• [PROMPT]: Reproduce only the lines of the material below that start at the line containing "- Ali što je" and stop at the line containing "I was also able to shrink". Keep both end lines.

• [EXCERPTED RECORDS]:
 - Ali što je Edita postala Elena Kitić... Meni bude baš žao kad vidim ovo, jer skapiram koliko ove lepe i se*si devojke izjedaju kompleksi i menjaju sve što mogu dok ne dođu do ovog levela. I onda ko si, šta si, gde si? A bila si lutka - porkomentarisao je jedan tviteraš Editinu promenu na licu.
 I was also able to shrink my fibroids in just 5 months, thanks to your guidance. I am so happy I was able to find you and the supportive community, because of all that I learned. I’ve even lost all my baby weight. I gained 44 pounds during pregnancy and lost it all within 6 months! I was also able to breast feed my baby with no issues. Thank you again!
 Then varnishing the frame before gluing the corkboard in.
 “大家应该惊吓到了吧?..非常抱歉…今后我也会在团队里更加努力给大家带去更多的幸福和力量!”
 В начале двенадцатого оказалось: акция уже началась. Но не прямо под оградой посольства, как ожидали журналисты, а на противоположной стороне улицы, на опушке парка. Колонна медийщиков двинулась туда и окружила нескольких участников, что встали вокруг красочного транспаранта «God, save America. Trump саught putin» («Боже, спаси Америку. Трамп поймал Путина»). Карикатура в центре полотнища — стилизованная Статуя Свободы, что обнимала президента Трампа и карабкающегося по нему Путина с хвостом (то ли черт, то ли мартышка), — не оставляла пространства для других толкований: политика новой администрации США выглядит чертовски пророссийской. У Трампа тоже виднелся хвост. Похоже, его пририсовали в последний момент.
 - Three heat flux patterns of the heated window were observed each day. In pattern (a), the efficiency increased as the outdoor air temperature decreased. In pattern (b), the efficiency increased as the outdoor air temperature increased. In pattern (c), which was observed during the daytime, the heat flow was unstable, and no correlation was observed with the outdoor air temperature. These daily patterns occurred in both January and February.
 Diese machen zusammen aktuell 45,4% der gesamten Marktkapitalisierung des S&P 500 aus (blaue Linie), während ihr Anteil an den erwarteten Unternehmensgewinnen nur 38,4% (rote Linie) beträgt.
==
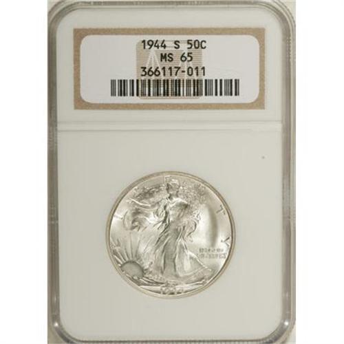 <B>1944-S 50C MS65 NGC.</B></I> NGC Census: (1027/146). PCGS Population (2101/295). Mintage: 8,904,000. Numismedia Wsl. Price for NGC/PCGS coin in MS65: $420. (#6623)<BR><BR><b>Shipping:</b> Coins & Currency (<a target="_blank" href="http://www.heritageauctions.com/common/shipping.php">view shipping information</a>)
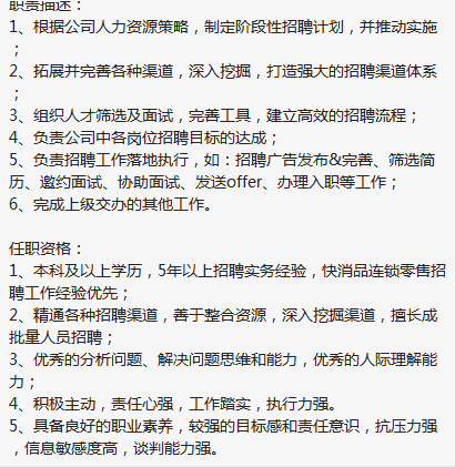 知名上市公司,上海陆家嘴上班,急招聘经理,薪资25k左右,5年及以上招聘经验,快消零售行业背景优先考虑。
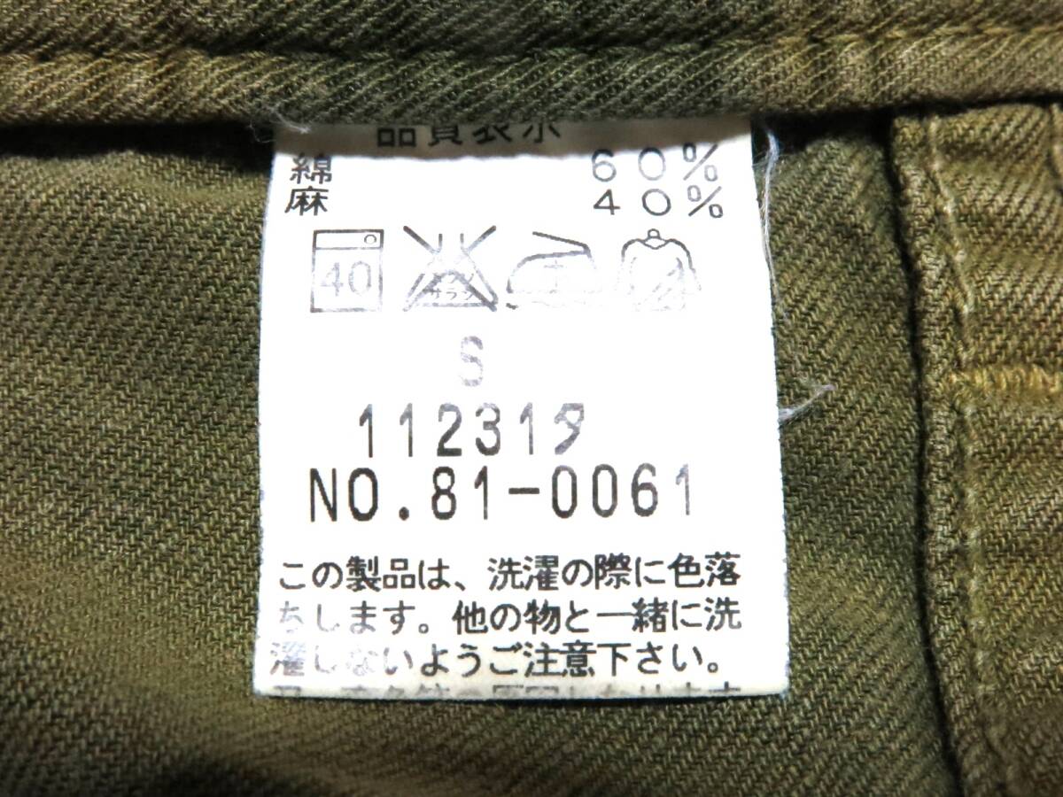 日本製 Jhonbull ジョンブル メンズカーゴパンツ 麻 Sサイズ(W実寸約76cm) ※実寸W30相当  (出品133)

• [TASK RESULT]:
 - Ali što je Edita postala Elena Kitić... Meni bude baš žao kad vidim ovo, jer skapiram koliko ove lepe i se*si devojke izjedaju kompleksi i menjaju sve što mogu dok ne dođu do ovog levela. I onda ko si, šta si, gde si? A bila si lutka - porkomentarisao je jedan tviteraš Editinu promenu na licu.
 I was also able to shrink my fibroids in just 5 months, thanks to your guidance. I am so happy I was able to find you and the supportive community, because of all that I learned. I’ve even lost all my baby weight. I gained 44 pounds during pregnancy and lost it all within 6 months! I was also able to breast feed my baby with no issues. Thank you again!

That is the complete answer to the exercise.